The above examples show that depending on the calculation procedure, one can obtain AUC estimates that are far away from each other. This might be beneficial for concept-drifting streams, but not for stationary distributions. Since we cannot ensure equal prequential, block-based, and batch AUC estimates, we are interested in how different these estimates are on average. More importantly, we are interested in how these differences affect classifier evaluation. To answer these questions, we will use criteria for comparing evaluation measures proposed by Huang and Ling [30].

4.2.2 Theoretical background

When discussing two different measures f and g used for evaluating two learning algorithms A and B, we want f and g to be consistent with each other. That is, when f shows that algorithm A is better than B, then g will not say B is better than A [30]. Furthermore, if f is more discriminating than g, we expect to see cases where f can tell the difference between A and B but g cannot, but not vice versa. These intuitive descriptions of consistency and discriminancy were made precise by the following definitions [30].

Definition 1

For two measures f, g and two classifier outputs a, b on a domain \(\varPsi \), f and g are strictly consistent if there exists no \(a, b \in \varPsi \), such that \(f(a) > f(b)\) and \(g(a) < g(b)\).

Definition 2

For two measures f, g and two classifier outputs a, b on a domain \(\varPsi \), f is strictly more discriminating than g if there exists \(a, b \in \varPsi \) such that \(f(a) \ne f(b)\) and \(g(a) = g(b)\), and there exists no \(a, b \in \varPsi \), such that \(g(a) \ne g(b)\) and \(f(a) = f(b)\).

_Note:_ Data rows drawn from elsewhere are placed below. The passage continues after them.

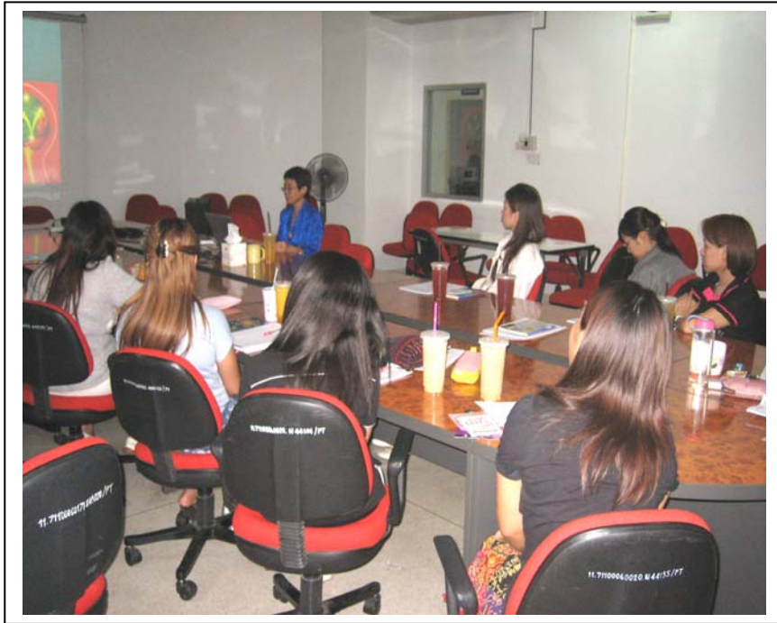
รูปที่ 1 แสดงการจัดอบรมผู้โทรศัพท์ให้กำลังใจผู้ต้องการเลิกสูบบุหรี่ โดยจัดวันที่ 9 และ 12 กค 2553 ณ ภาควิชากายภาพบำบัด คณะเทคนิคการแพทย์ มหาวิทยาลัยเชียงใหม่

รายชื่อผู้เข้าร่วมอบรม โดยระยะเวลาการอบรม นาน 6 ชั่วโมง
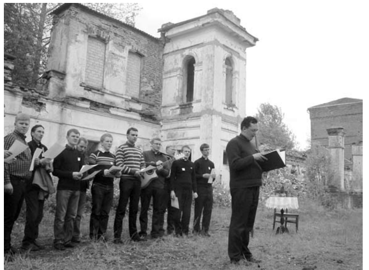
2012-ųjų pavasarį Vašuokėnus aplankė ir tikrai dvaro griuvėsius pamatė Kauno kunigų seminarijos bendruomenė.
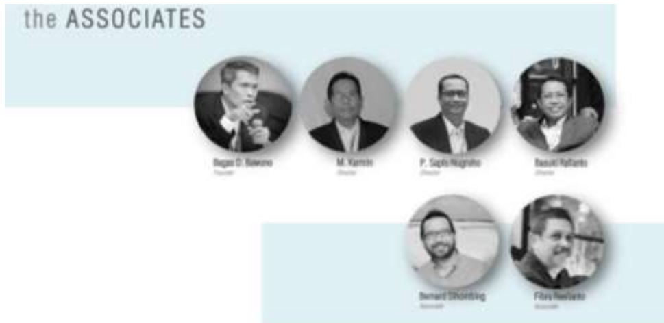
Gambar 2.3 Foto direksi PT.Bangun Gagas Karyatama
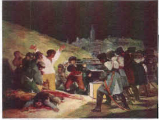
Resim 4. Picasso. "Guernica", 1937, T. Ü. Y. B., 350x780 cm

Oysa insan, bellek sayesinde dünyayı, canlıları, nesnelere, insanları, kendini hep aklında tutar ve dünya bir kaos olmaktan çıkar.
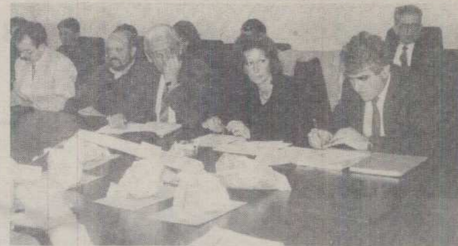
КОМПЛЕТНА ЕКСПЛОАТАЦИЈА И ПРЕРАДА У БАЉЕВЦУ НА ИБРУ: УЧЕСНИЦИ ОКРУГЛОГ СТОЛА О РУДИ БОРА

Циљ њиховог боравка у Српској Крајини је пружање стручне помоћи при формирању Социјалне установе у овом граду. Р. Бирица
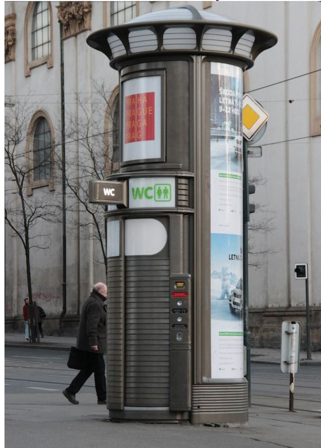
Možná náhrada stávajících toalet
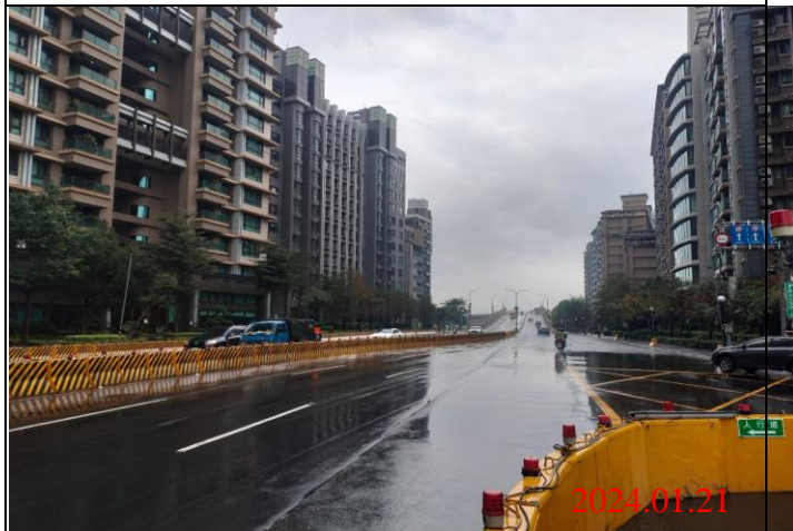
巡查日期地點：113.01.21/ Y23車站 照片說明：路面狀況
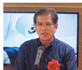
八重瀬町長 新垣 安弘
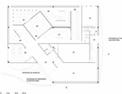
Zemin kat planı Ground floor plan
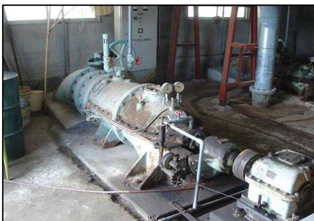
現在の横軸軸流ポンプ(口径600mm)
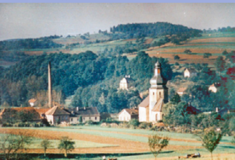
Auf dem Foto der 1960er Jahre ist im Vordergrund Ernstkirchen, links daneben das Kalkwerk mit Kamin und im Hintergrund die Villa Sattelberg zu sehen, heute Landgasthof »Villa Hof Langenborn«.
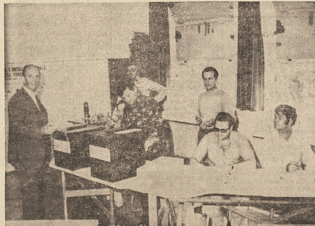
Na volišču pri Domju
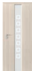
model 2.0 sticlă model „pătrățele”
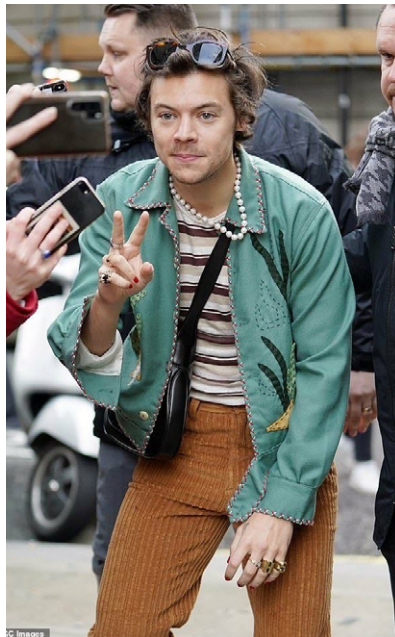
O estilo de Harry Styles tem como inspiração os anos 70

Um dos elementos-chave do estilo casual masculino são as camisas de algodão, regatas e overshirts. O cantor Shawn Mendes, por exemplo, é frequentemente visto usando camisas em cores neutras, que são peças versáteis, capazes de compor diversos looks. As overshirts, que são camisas mais longas e leves, também são ótimas opções para sobreposições, permitindo que o homem jogue com camadas e texturas.

As we have already shown in Tables 1 and 2, counter examples on strict consistency and discriminancy do exist for average AUC calculated on an entire stream and using blocks or sliding windows. Therefore, it is impossible to prove strict consistency and discriminancy between batch and prequential or block AUC, based on Definitions 1 and 2. In this case, we have to rather consider the degree of being consistent and the degree of being more discriminating. This leads to the definitions of the degree of consistency and degree of discriminancy [30].

Definition 3

For two measures f, g and two classifier outputs a, b on a domain \(\varPsi \), let \(R = \{ (a,b) | a,b \in \varPsi , f(a)> f(b), g(a) > g(b)\}\), \(S = \{ (a,b) | a,b \in \varPsi , f(a) > f(b), g(a) < g(b)\}\). The degree of consistency of f and g is \({\mathbf {C}}\) (\(0 \le {\mathbf {C}} \le 1\)), where \({\mathbf {C}} = \frac{|R|}{|R| + |S|}\).

Definition 4

For two measures f, g and two classifier outputs a, b on a domain \(\varPsi \), let \(P = \{ (a,b) | a,b \in \varPsi , f(a) > f(b), g(a) = g(b)\}\), \(Q = \{ (a,b) | a,b \in \varPsi , g(a) > g(b), f(a) = f(b)\}\). The degree of discriminancy for f over g is \({\mathbf {D}} = \frac{|P|}{|Q|}\).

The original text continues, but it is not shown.